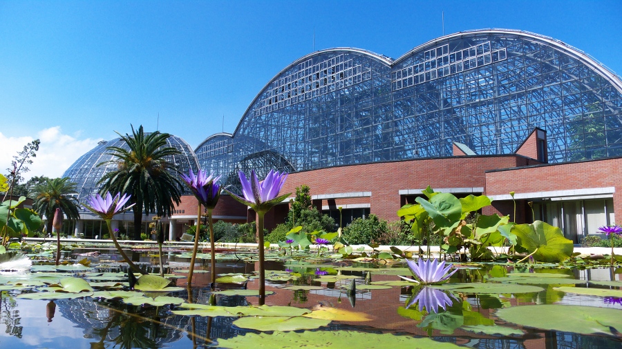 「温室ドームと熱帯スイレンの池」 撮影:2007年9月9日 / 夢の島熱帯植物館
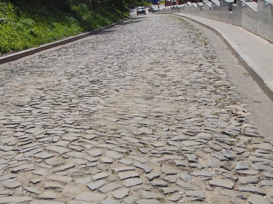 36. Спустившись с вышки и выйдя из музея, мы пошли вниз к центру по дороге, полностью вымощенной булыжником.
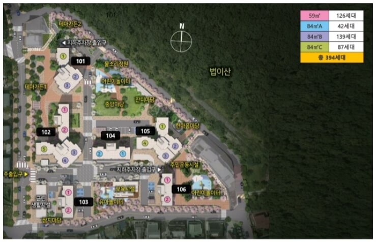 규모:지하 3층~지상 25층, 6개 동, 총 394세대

......

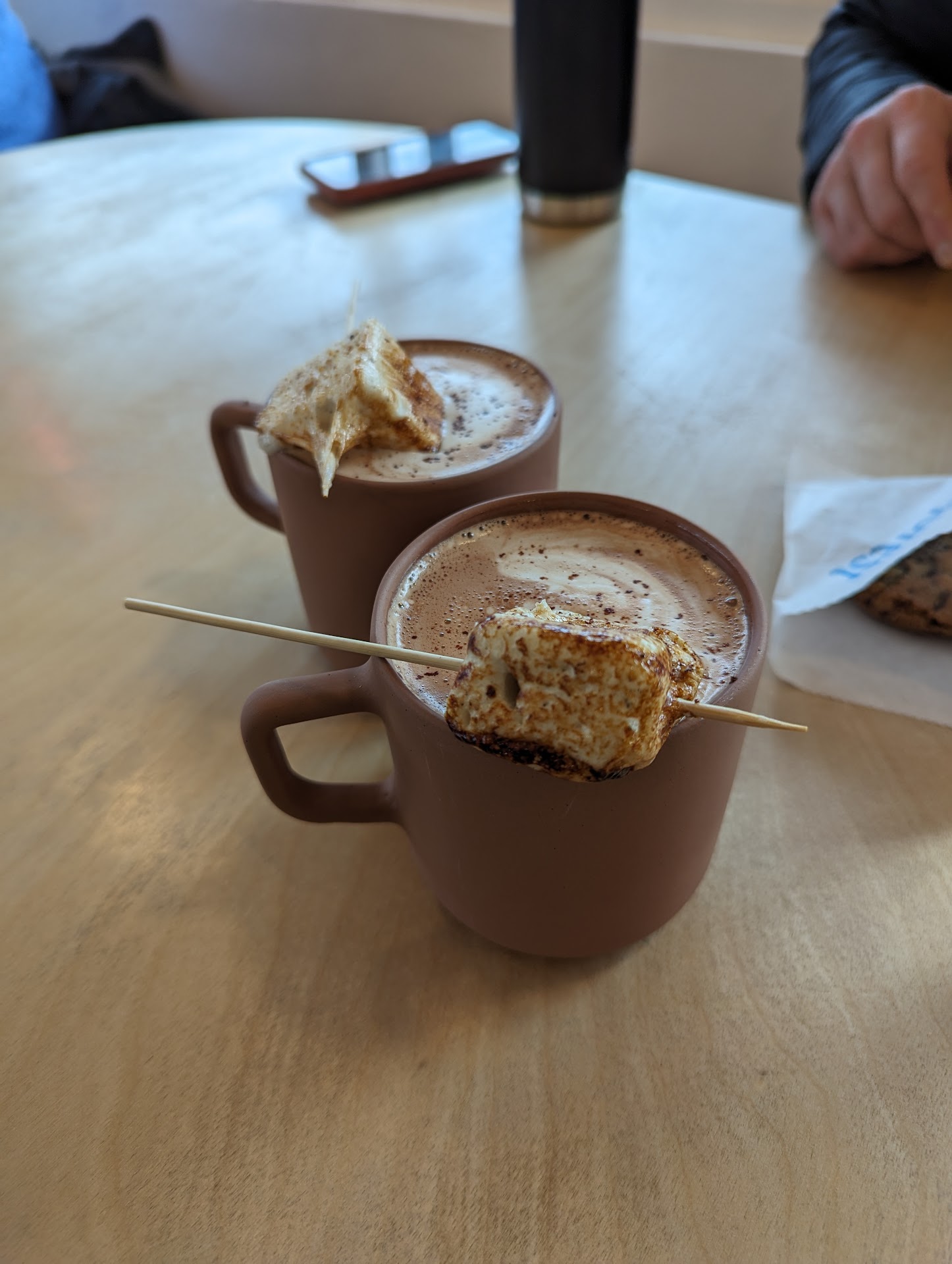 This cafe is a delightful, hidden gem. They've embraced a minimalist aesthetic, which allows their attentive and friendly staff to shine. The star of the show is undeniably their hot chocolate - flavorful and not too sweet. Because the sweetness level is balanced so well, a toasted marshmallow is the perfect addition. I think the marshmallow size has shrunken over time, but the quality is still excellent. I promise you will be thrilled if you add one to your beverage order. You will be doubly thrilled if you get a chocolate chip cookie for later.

......

• [Directions for this task]
Exercise for the records above: copy only the lines from the one with "撮影:2007年9月9日 / 夢の島熱帯植物館" to the one with "규모:지하 3층~지상 25층, 6개 동, 총 394세대", both ends kept, and drop the pictures.

• [Solution to this problem]
 「温室ドームと熱帯スイレンの池」 撮影:2007年9月9日 / 夢の島熱帯植物館
 36. Спустившись с вышки и выйдя из музея, мы пошли вниз к центру по дороге, полностью вымощенной булыжником.
 규모:지하 3층~지상 25층, 6개 동, 총 394세대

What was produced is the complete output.